(Source material):
******

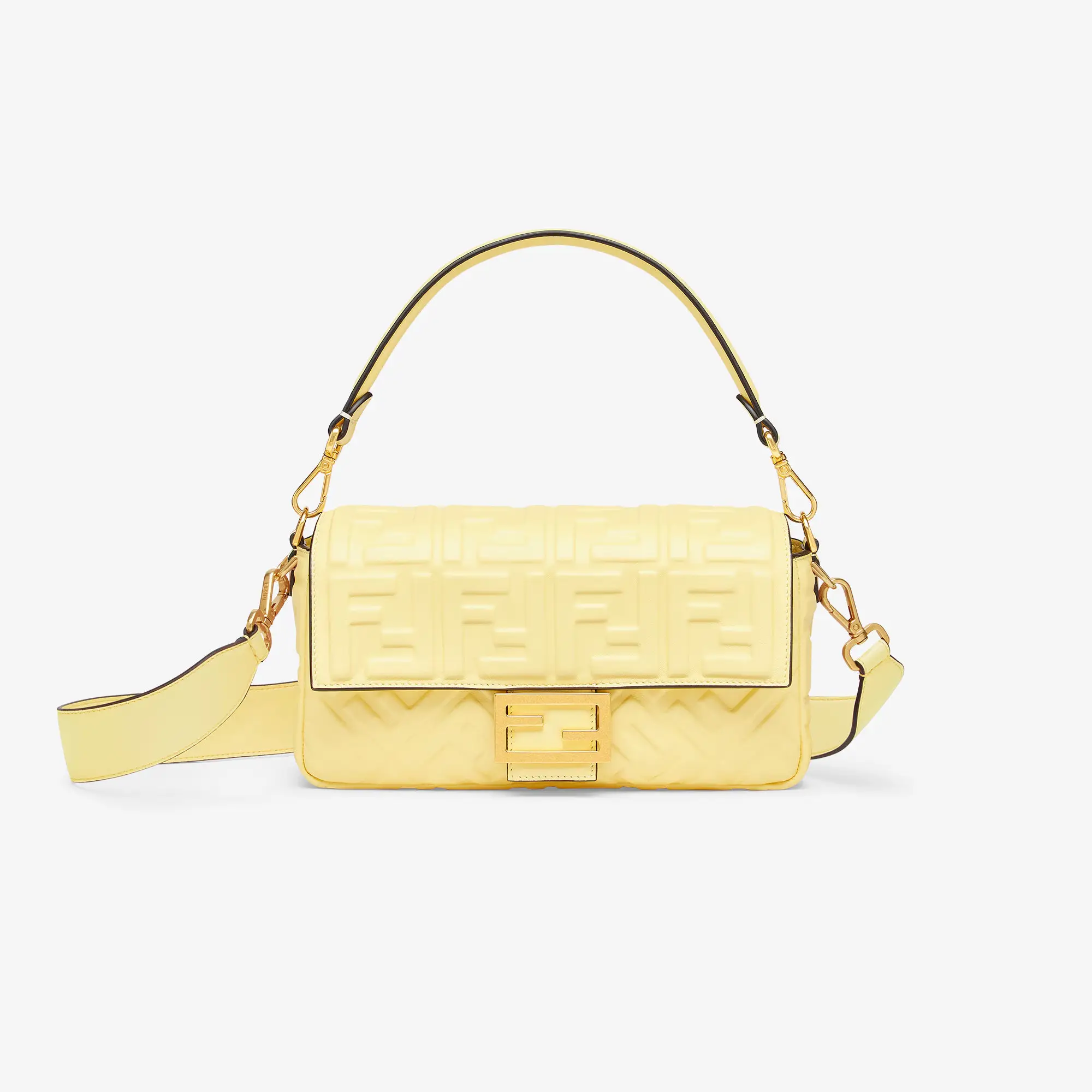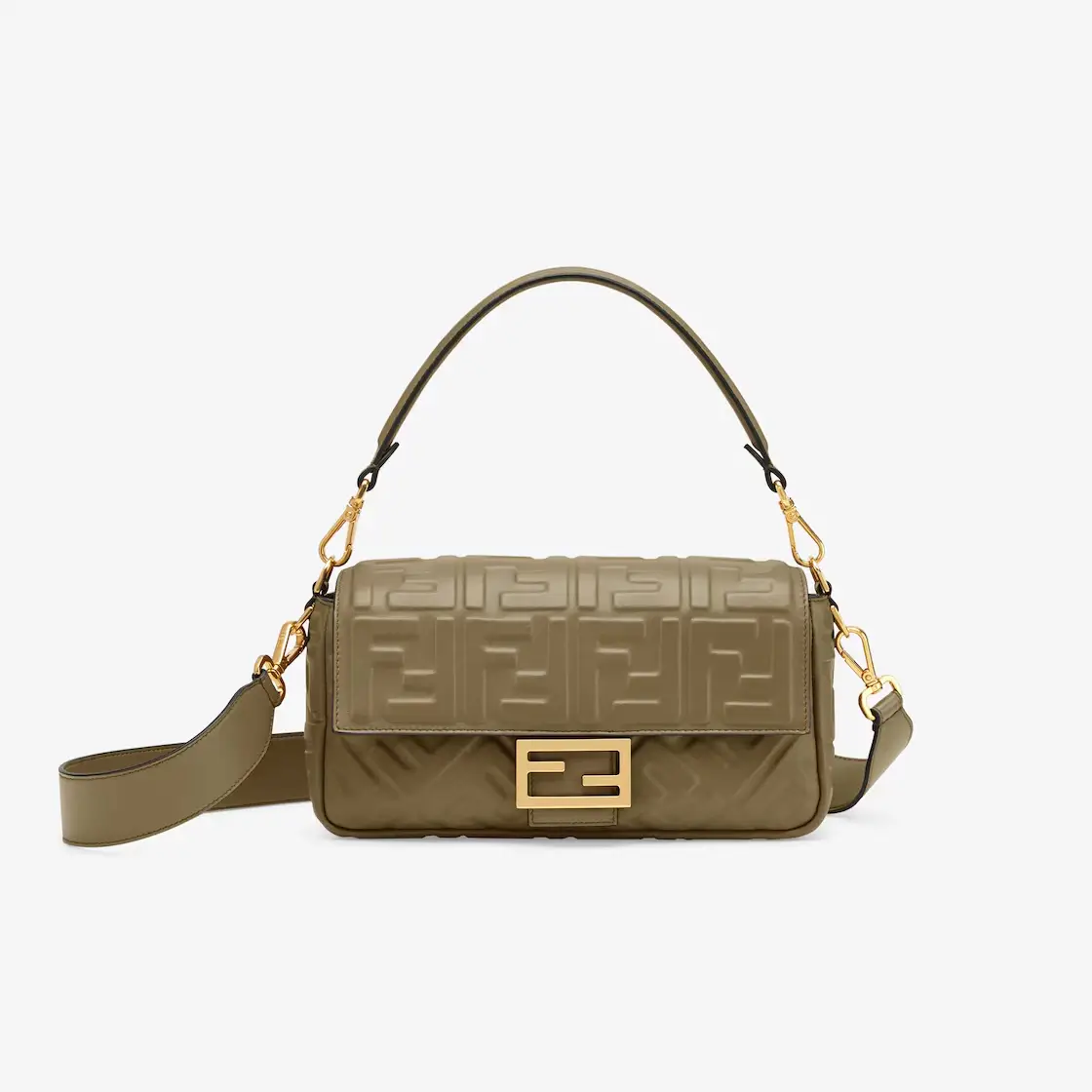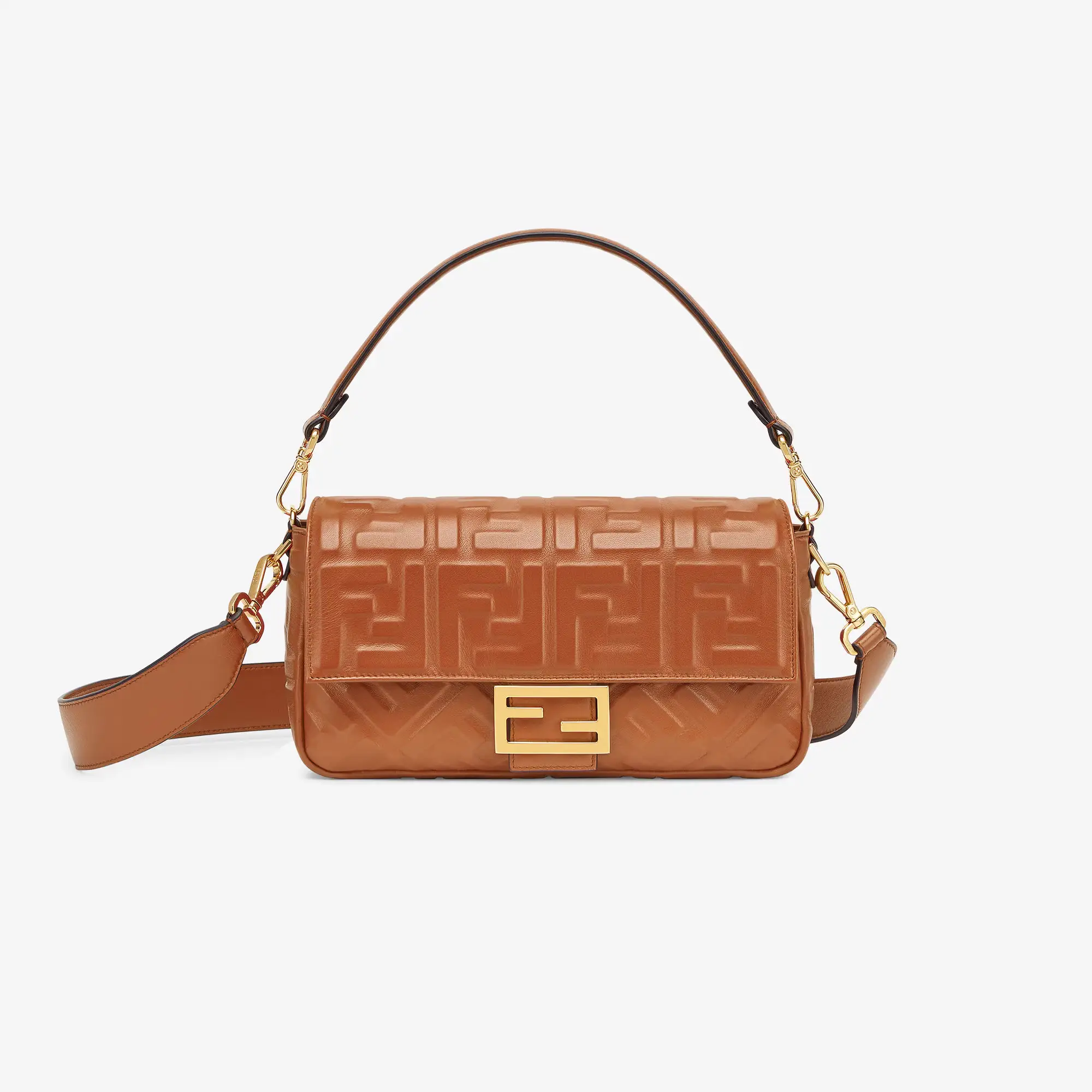 Discover understated luxury with the Fendi Baguette Nappa Leather Bag, an elegant take on the iconic silhouette that redefined designer handbags. Expertly crafted from buttery-soft nappa leather, this timeless piece features the signature FF logo clasp, a sleek flap closure, and a perfectly structured body that transitions effortlessly from day to night. The smooth leather finish offers a sophisticated look, while the adjustable and removable strap provides versatile styling—wear it as a shoulder bag, crossbody, or chic clutch.
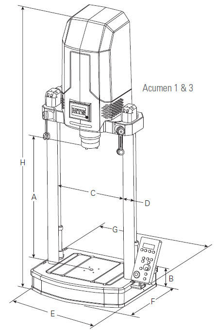6. 試験エリアのエンクロージャ (オプション) を備えたシステムでは、システム全体の寸法として、F 寸法に 98 mm、G 寸法に 45 mmを追加します。 |
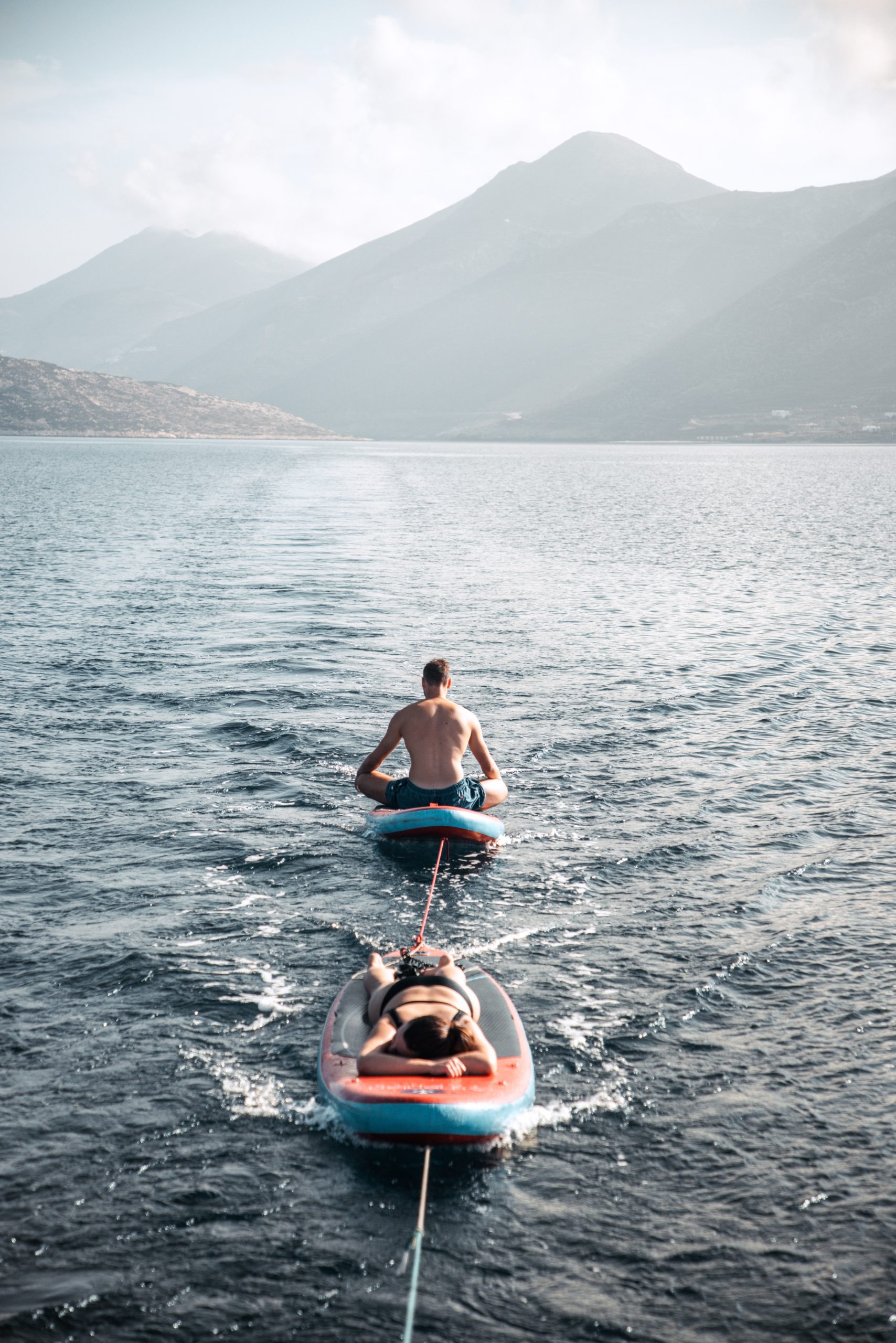 Kurz vor Mittag brachen wir auf. Die See war ruhig, der Wind schwach, sodass wir größtenteils unter Motor fuhren. Zwei Crewmitglieder banden ihre Stand-up-Paddles am Heck fest und ließen sich während der Fahrt gemütlich hinterherziehen.
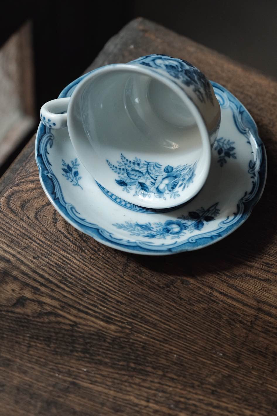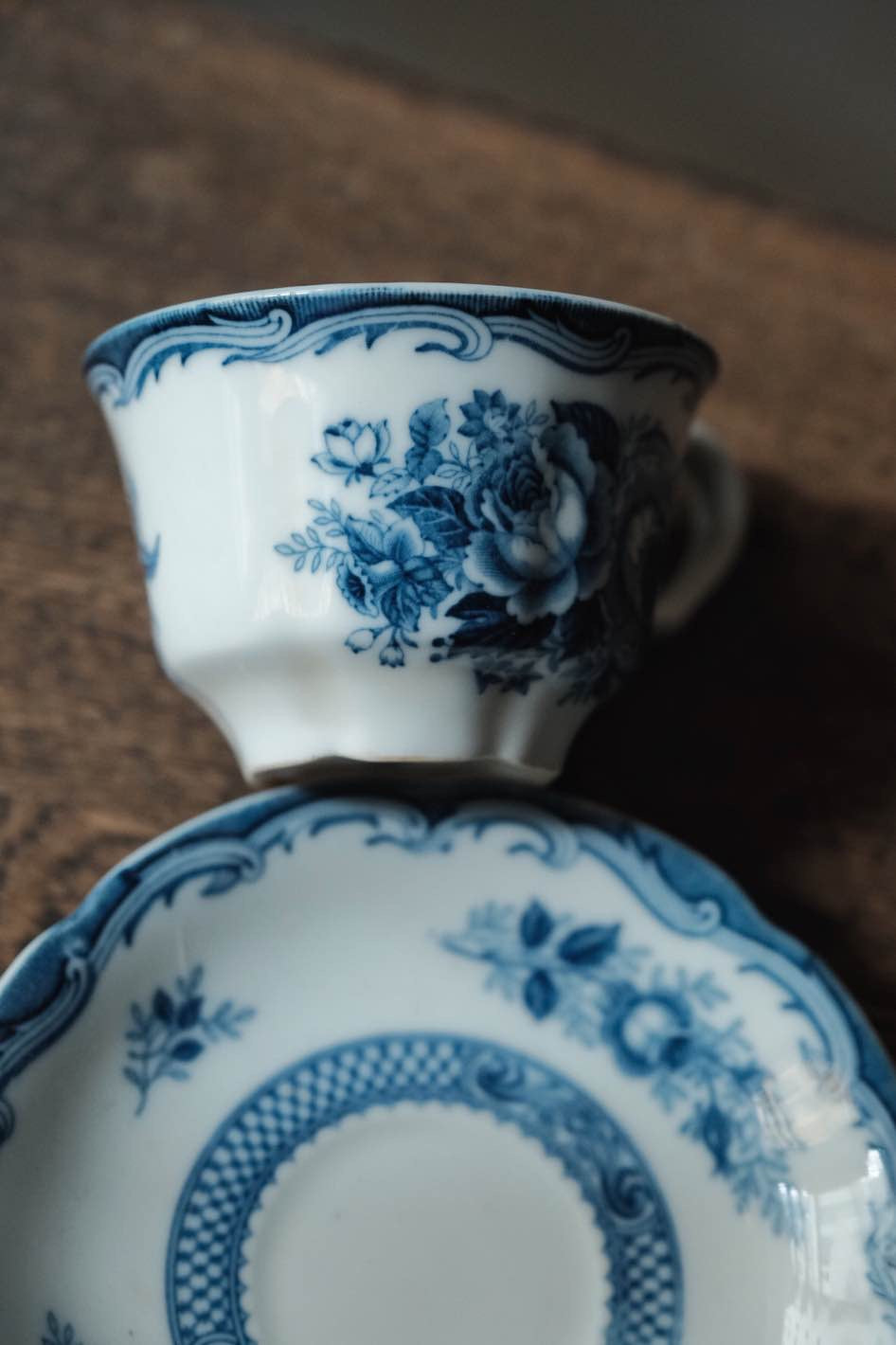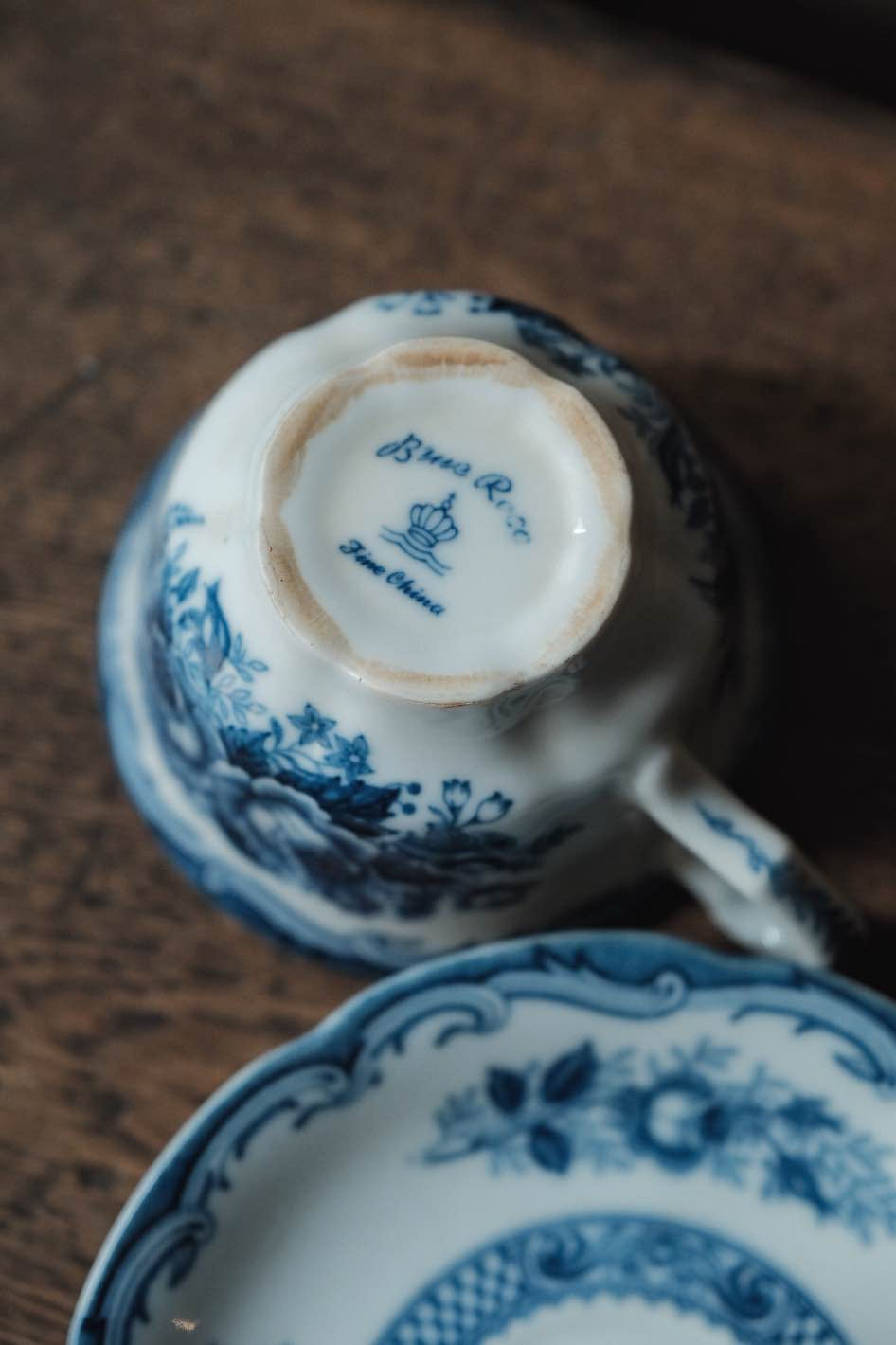 以東方青花為調,西方玫瑰花小麥作形,中底收束花型,瓷質牙白細瓷,杯底有施釉,整體古感完整

******

(What is expected):
This exercise calls for the complete listing, returned exactly and without images.

(Response area):
 Discover understated luxury with the Fendi Baguette Nappa Leather Bag, an elegant take on the iconic silhouette that redefined designer handbags. Expertly crafted from buttery-soft nappa leather, this timeless piece features the signature FF logo clasp, a sleek flap closure, and a perfectly structured body that transitions effortlessly from day to night. The smooth leather finish offers a sophisticated look, while the adjustable and removable strap provides versatile styling—wear it as a shoulder bag, crossbody, or chic clutch.
6. 試験エリアのエンクロージャ (オプション) を備えたシステムでは、システム全体の寸法として、F 寸法に 98 mm、G 寸法に 45 mmを追加します。 |
 Kurz vor Mittag brachen wir auf. Die See war ruhig, der Wind schwach, sodass wir größtenteils unter Motor fuhren. Zwei Crewmitglieder banden ihre Stand-up-Paddles am Heck fest und ließen sich während der Fahrt gemütlich hinterherziehen.
 以東方青花為調,西方玫瑰花小麥作形,中底收束花型,瓷質牙白細瓷,杯底有施釉,整體古感完整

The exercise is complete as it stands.